Enforces the recovery contract defined in spec-ocas-recovery.md across all OCAS skills: every scheduled run must write an evidence record (including no-op runs with not_activity_reason), schedule gaps must trigger remedial passes, degraded mode must be explicit (not silent skip), and self-repair must include re-validation.

Interactive Menu

When invoked interactively, present a two-level menu. See references/interactive-menu.md for the full menu structure.

When to Use

System health monitoring and alerting
Skill library audits (conformance, freshness, coverage)
Cron job health checks
Log compaction and disk space monitoring
After any major system change — verify integrity

When NOT to Use

Real-time monitoring (use heartbeat instead)
Skill creation or modification (use Forge)
Content generation or research
User-facing task execution

Overview

Enforces the recovery contract defined in spec-ocas-recovery.md across all OCAS skills.

Critical Pitfalls

See references/critical-pitfalls.md before any scan. Key traps: pipe-to-interpreter blocking, jobs.json control chars, read_file corruption on data files, gateway systemd false negatives, cron inactivity timeouts, execute_code import isolation, gateway.log post-restart truncation, and regex \x escape failures in terminal().

Tool Quirks in Cron/Scheduled Context

read_file dedup blocking: Calling read_file on the same path multiple times triggers "BLOCKED: already read" protection. In cron/scheduled sessions, use terminal(command="cat /path/to/file") or terminal(command="tail -N /path/to/file") to re-read files.
write_file silent failure: write_file may fail with "missing required field: path" even when path is provided. Reliable fallback: terminal(command="cat > /path/to/file << 'EOF'\n...\nEOF") with heredoc.
execute_code blocked in cron: The execute_code tool is categorically denied during cron execution. Use terminal() directly for all Python operations.
MCP server PIDs running but connection failing: Processes can be alive yet fail TaskGroup connection handshake. Check process liveness before escalating.
state.db bloat pattern: Expected size <1GB. If >1GB, check WAL size, then VACUUM or old message pruning.
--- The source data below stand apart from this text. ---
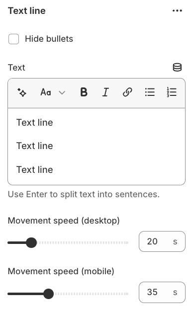 2. **`Text`** - setting allows you to fill in the text content for the section. Use Enter to split the text into sentences;
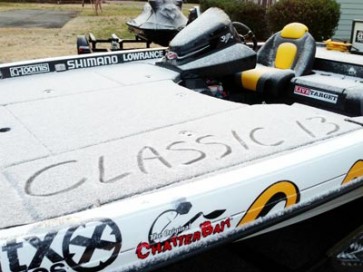 Some of the 53 contestants in the BASS Masters Classic, which begins today, are trying to make themselves believe that this year’s championship in northeastern Oklahoma in February isn’t about the weather. Yeah, right. It isn’t about the 20 degrees weather or the wind chill factor of near ZERO or the snow or the frozen trolling motor props, frozen fingers, boat compartments frozen shut or the…well, you get it. Just one look at the boat at the right . . . Trust me — It is about the weather. I have
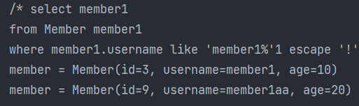 - 쿼리를 보면 정확히 member1이 일치하는 경우만 가져온다
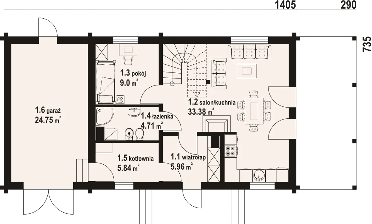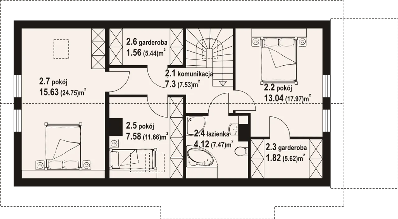 Wypełnij formularz i otrzymaj rysunki w pdf z dokładnymi wymiarami budynku i pomieszczeń (długość, szerokość, wysokość) dla projektu Kopowo dw
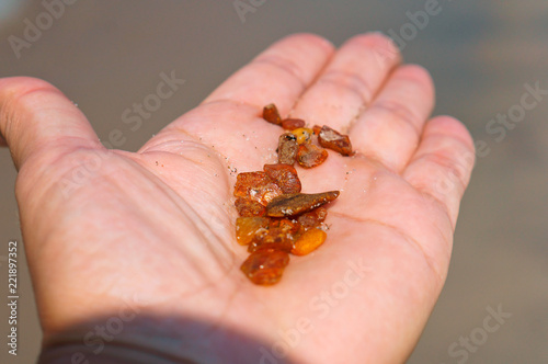 Fototapeta premium Stones of amber of the Baltic sea. Amber on a palm.
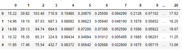 훈련 세트의 X를 데이터프레임으로 나타냈습니다.
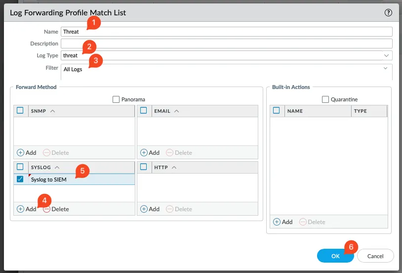 5. Добавьте список соответствия для событий об угрозах (threat), для этого в окне добавления списка соответствия (Log Forwarding Profile Match List) укажите:
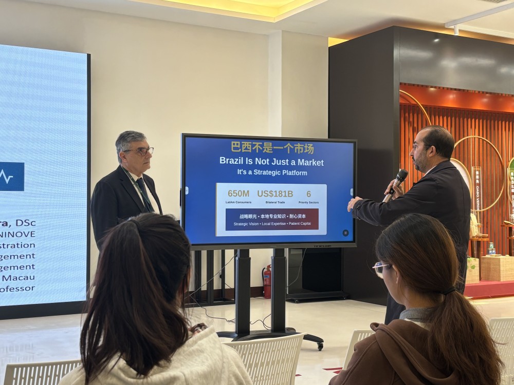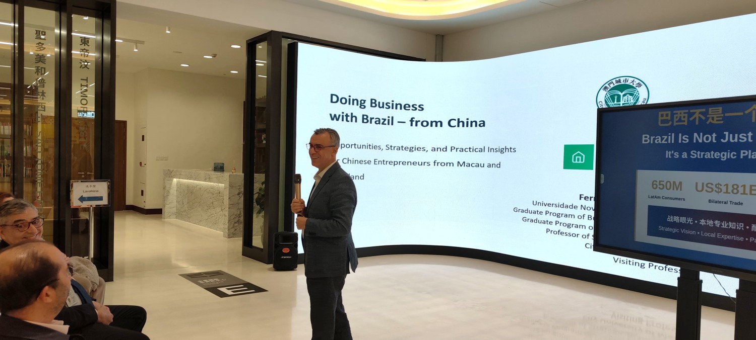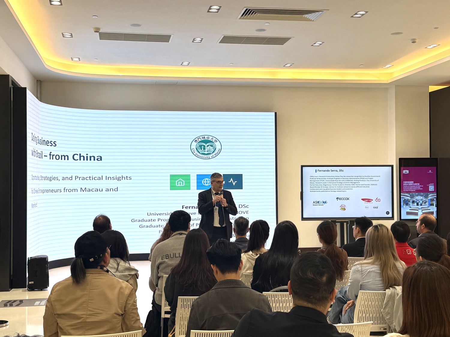 On 21 November, the Faculty of Business of the City University of Macau hosted a thematic lecture titled “Doing Business with Brazil – from China” at the China–Portuguese-Speaking Countries Commercial and Trade Service Platform Exhibition Hall. Professor Fernando R. Serra, a professor of Universidade Nove de Julho-UNINOVE, and also a visiting professor of CityU Macau, was the keynote speaker. Senior Manager Weng Hei Tang from the Macau Commerce and Investment Promotion Institute (IPIM), Dean of the Faculty of Business of CityU Macau, Prof. José C. Alves, along with faculty members, students, and industry representatives, attended the event.
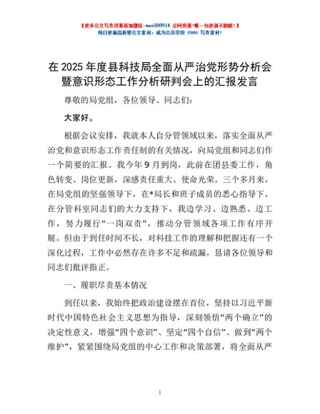 / 在2025年度县科技局全面从严治党形势分析会暨意识形态工作分析研判会上的汇报发言

Escalation-Runner Cron-Mode JSONL Workflow

When running custodian.escalation-runner as a cron job, all issues.jsonl and journal file mutations must use terminal() with heredoc — never read_file (corrupts JSONL) and never execute_code (blocked in cron). See the skill body for the reliable Python heredoc pattern.

Responsibility Boundary

Owns: gateway log scanning and error fingerprinting, cron job registry health, skill journal completeness, OCAS data directory health, skill initialization, background task conformance, Tier 1 auto-repair, activity model and schedule optimization, escalation signaling, fix effectiveness tracking, confidence-based tier management, skill library hygiene (detection of stubs, nested .git, orphaned files).
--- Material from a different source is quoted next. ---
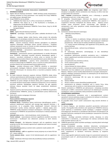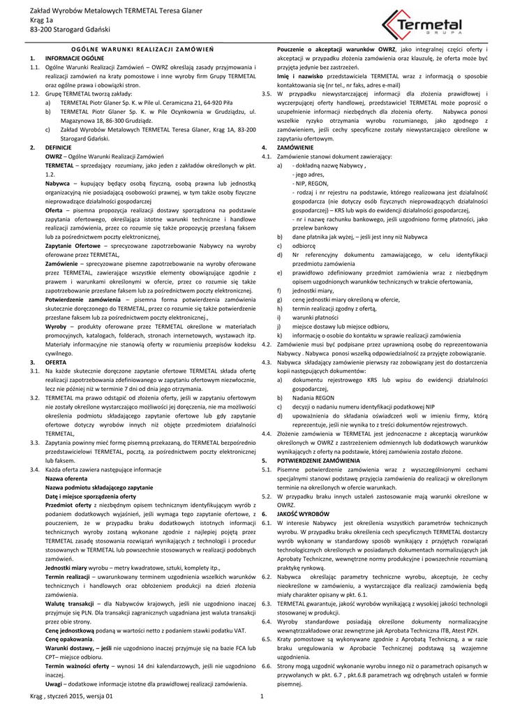 Zakład Wyrobów Metalowych TERMETAL Teresa Glaner Krąg 1a 83-200 Starogard Gdański OGÓLNE WARUNKI REALIZACJI ZAMÓWIEŃ 1. INFORMACJE OGÓLNE 1.1. Ogólne Warunki Realizacji Zamówień – OWRZ określają zasady przyjmowania i realizacji zamówień na kraty pomostowe i inne wyroby firm Grupy TERMETAL oraz ogólne prawa i obowiązki stron. 1.2. Grupę TERMETAL tworzą zakłady: a) TERMETAL Piotr Glaner Sp. K. w Pile ul. Ceramiczna 21, 64-920 Piła b) TERMETAL Piotr Glaner Sp. K. w Pile Ocynkownia w Grudziądzu, ul. Magazynowa 18, 86-300 Grudziądz. c) Zakład Wyrobów Metalowych TERMETAL Teresa Glaner, Krąg 1A, 83-200 Starogard Gdański. 2. DEFINICJE OWRZ – Ogólne Warunki Realizacji Zamówień TERMETAL – sprzedający rozumiany, jako jeden z zakładów określonych w pkt. 1.2. Nabywca – kupujący będący osobą fizyczną, osobą prawna lub jednostką organizacyjną nie posiadającą osobowości prawnej, w tym także osoby fizyczne nieprowadzące działalności gospodarczej Oferta – pisemna propozycja realizacji dostawy sporządzona na podstawie zapytania ofertowego, określająca istotne warunki techniczne i handlowe realizacji zamówienia, przez co rozumie się także propozycję przesłaną faksem lub za pośrednictwem poczty elektronicznej, Zapytanie Ofertowe – sprecyzowane zapotrzebowanie Nabywcy na wyroby oferowane przez TERMETAL, Zamówienie – sprecyzowane pisemne zapotrzebowanie na wyroby oferowane przez TERMETAL, zawierające wszystkie elementy obowiązujące zgodnie z prawem i warunkami określonymi w ofercie, przez co rozumie się także zapotrzebowanie przesłane faksem lub za pośrednictwem poczty elektronicznej. Potwierdzenie zamówienia – pisemna forma potwierdzenia zamówienia skutecznie doręczonego do TERMETAL, przez co rozumie się także potwierdzenie przesłane faksem lub za pośrednictwem poczty elektronicznej., Wyroby – produkty oferowane przez TERMETAL określone w materiałach promocyjnych, katalogach, folderach, stronach internetowych, wystawach itp. Materiały informacyjne nie stanowią oferty w rozumieniu przepisów kodeksu cywilnego. 3. OFERTA 3.1. Na każde skutecznie doręczone zapytanie ofertowe TERMETAL składa ofertę realizacji zapotrzebowania zdefiniowanego w zapytaniu ofertowym niezwłocznie, lecz nie później niż w terminie 7 dni od dnia jego otrzymania. 3.2. TERMETAL ma prawo odstąpić od złożenia oferty, jeśli w zapytaniu ofertowym nie zostały określone wystarczająco możliwości jej doręczenia, nie ma możliwości określenia podmiotu składającego zapytanie ofertowe lub gdy zapytanie ofertowe dotyczy wyrobów innych niż objęte przedmiotem działalności TERMETAL, 3.3. Zapytania powinny mieć formę pisemną przekazaną, do TERMETAL bezpośrednio przedstawicielowi TERMETAL, pocztą, za pośrednictwem poczty elektronicznej lub faksem. 3.4. Każda oferta zawiera następujące informacje Nazwa oferenta Nazwa podmiotu składającego zapytanie Datę i miejsce sporządzenia oferty Przedmiot oferty z niezbędnym opisem technicznym identyfikującym wyrób z podaniem dodatkowych wyjaśnień, jeśli wymaga tego zapytanie ofertowe, z pouczeniem, że w przypadku braku dodatkowych istotnych informacji technicznych wyroby zostaną wykonane zgodnie z najlepiej pojętą przez TERMETAL zasadę stosowania rozwiązań wynikających z technologii i procedur stosowanych w TERMETAL lub powszechnie stosowanych w realizacji podobnych zamówień. Jednostki miary wyrobu – metry kwadratowe, sztuki, komplety itp., Termin realizacji – uwarunkowany terminem uzgodnienia wszelkich warunków technicznych i handlowych oraz obłożeniem produkcji na dzień złożenia zamówienia. Walutę transakcji – dla Nabywców krajowych, jeśli nie uzgodniono inaczej przyjmuje się PLN. Dla transakcji zagranicznych uzgadniana jest waluta transakcji przez obie strony. Cenę jednostkową podaną w wartości netto z podaniem stawki podatku VAT. Cenę opakowania. Warunki dostawy, – jeśli nie uzgodniono inaczej przyjmuje się na bazie FCA lub CPT– miejsce odbioru. Termin ważności oferty – wynosi 14 dni kalendarzowych, jeśli nie uzgodniono inaczej. Uwagi – dodatkowe informacje istotne dla prawidłowej realizacji zamówienia. Krąg , styczeń 2015, wersja 01 3.5. 4. 4.1. 4.2. 4.3. 4.4. 5. 5.1. 5.2. 6. 6.1. 6.2. 6.3. 6.4. 6.5. 6.6. 1 Pouczenie o akceptacji warunków OWRZ, jako integralnej części oferty i akceptacji w przypadku złożenia zamówienia oraz klauzulę, że oferta może być przyjęta jedynie bez zastrzeżeń. Imię i nazwisko przedstawiciela TERMETAL wraz z informacją o sposobie kontaktowania się (nr tel., nr faks, adres e-mail) W przypadku niewystarczającej informacji dla złożenia prawidłowej i wyczerpującej oferty handlowej, przedstawiciel TERMETAL może poprosić o uzupełnienie informacji niezbędnych dla złożenia oferty. Nabywca ponosi wszelkie ryzyko otrzymania wyrobu rozumianego, jako zgodnego z zamówieniem, jeśli cechy specyficzne zostały niewystarczająco określone w zapytaniu ofertowym. ZAMÓWIENIE Zamówienie stanowi dokument zawierający: a) - dokładną nazwę Nabywcy , - jego adres, - NIP, REGON, - rodzaj i nr rejestru na podstawie, którego realizowana jest działalność gospodarcza (nie dotyczy osób fizycznych nieprowadzących działalności gospodarczej) – KRS lub wpis do ewidencji działalności gospodarczej, - nr i nazwę rachunku bankowego, jeśli uzgodniono formę płatności, jako przelew bankowy b) dane płatnika jak wyżej, – jeśli jest inny niż Nabywca c) odbiorcę d) Nr referencyjny dokumentu zamawiającego, w celu identyfikacji przedmiotu zamówienia e) prawidłowo zdefiniowany przedmiot zamówienia wraz z niezbędnym opisem uzgodnionych warunków technicznych w trakcie ofertowania, f) jednostki miary, g) cenę jednostki miary określoną w ofercie, h) termin realizacji zgodny z ofertą, i) warunki płatności j) miejsce dostawy lub miejsce odbioru, k) informację o osobie do kontaktu w sp

Does not own: OKR trend analysis (Corvus, Mentor), skill design evaluation (Mentor, Forge), behavioral lesson extraction (Praxis), briefing delivery (Vesper), entity knowledge (Elephas), social graph (Weave). Never modifies any file inside a skill package directory.

Ontology types

Custodian operates on system health data (logs, config files, journal metadata, storage usage).
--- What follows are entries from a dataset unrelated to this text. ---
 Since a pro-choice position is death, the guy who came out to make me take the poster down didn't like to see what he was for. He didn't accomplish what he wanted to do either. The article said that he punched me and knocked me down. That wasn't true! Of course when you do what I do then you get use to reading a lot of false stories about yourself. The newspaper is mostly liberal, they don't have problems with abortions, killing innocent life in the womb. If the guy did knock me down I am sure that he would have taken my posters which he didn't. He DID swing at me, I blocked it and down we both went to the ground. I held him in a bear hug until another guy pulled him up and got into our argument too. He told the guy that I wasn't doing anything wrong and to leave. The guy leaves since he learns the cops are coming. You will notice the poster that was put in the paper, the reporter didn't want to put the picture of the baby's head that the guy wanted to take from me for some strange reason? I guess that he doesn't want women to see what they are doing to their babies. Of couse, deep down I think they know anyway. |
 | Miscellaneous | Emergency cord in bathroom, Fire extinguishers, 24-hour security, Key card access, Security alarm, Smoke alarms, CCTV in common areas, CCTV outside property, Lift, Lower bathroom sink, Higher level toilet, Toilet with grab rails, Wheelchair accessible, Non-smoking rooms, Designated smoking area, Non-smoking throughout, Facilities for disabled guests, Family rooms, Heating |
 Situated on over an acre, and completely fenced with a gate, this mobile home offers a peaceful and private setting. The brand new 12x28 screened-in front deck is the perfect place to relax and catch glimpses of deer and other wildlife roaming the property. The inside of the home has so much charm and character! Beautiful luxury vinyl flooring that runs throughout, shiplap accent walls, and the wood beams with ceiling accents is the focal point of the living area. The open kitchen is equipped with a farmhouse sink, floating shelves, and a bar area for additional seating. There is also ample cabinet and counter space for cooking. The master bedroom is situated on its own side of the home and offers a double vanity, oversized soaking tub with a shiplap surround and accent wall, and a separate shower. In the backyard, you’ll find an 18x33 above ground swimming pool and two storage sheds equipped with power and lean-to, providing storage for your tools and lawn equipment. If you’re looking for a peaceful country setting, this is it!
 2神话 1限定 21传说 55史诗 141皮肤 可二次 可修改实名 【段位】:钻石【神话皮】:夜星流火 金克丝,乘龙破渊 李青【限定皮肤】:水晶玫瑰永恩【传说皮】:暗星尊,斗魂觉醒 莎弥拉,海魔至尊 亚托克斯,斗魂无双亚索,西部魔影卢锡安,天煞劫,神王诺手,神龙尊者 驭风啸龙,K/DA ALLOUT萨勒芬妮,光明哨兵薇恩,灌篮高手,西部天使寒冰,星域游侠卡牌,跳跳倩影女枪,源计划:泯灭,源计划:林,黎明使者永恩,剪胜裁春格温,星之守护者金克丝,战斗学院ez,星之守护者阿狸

Optional Skill Cooperation

Vesper -- writes InsightProposals to proposals dir; Vesper reads from there.
Mentor -- journals tagged escalation_needed: true are readable by Mentor heartbeat.
Corvus -- if installed, reads Corvus observation journals. Blended 70/30.
Elephas -- journal entity observations consumed during Chronicle ingestion

Commands

custodian.init -- create storage, register background tasks, build activity model
custodian.scan.light -- tail gateway log, check cron registry, retry failed fixes, check uninitialized skills
custodian.scan.deep -- full sweep (see references/deep-scan.md)
custodian.verify {fix_id} -- verify fix outcome
custodian.repair.auto -- apply all pending Tier 1 fixes
custodian.repair.plan -- generate repair plan for Tier 2/3 issues
custodian.issues.list -- list open issues
custodian.issues.resolve {issue_id} -- mark resolved
custodian.status -- emit SkillStatus JSON
custodian.schedule.show -- display scan schedule
custodian.escalation-runner -- process escalated Tier 3+ issues
custodian.update -- self-update from GitHub
custodian.confidence.show -- display confidence scores

Confidence Model

See references/confidence-model.md. Key: confidence_score = sample_confidence × success_rate. Auto-promotes/demotes tiers based on fix history.

Execution Loops

Light Scan (every heartbeat): Read jobs.json → tail log → fingerprint → check failed fixes → check uninitialized skills → check error jobs for script path blocks and Path.home() resolution issues → check for jobs not running (stale last_run_at vs expected schedule) → for each fingerprint with recurrence_count >= 2, check rca.jsonl — if no RCA record exists, flag for deep scan RCA step; if Pattern B, skip fix and note in journal → verify-before-acting: for any error job, check current config.yaml and provider state to confirm the error is still active before attempting fix → write journal.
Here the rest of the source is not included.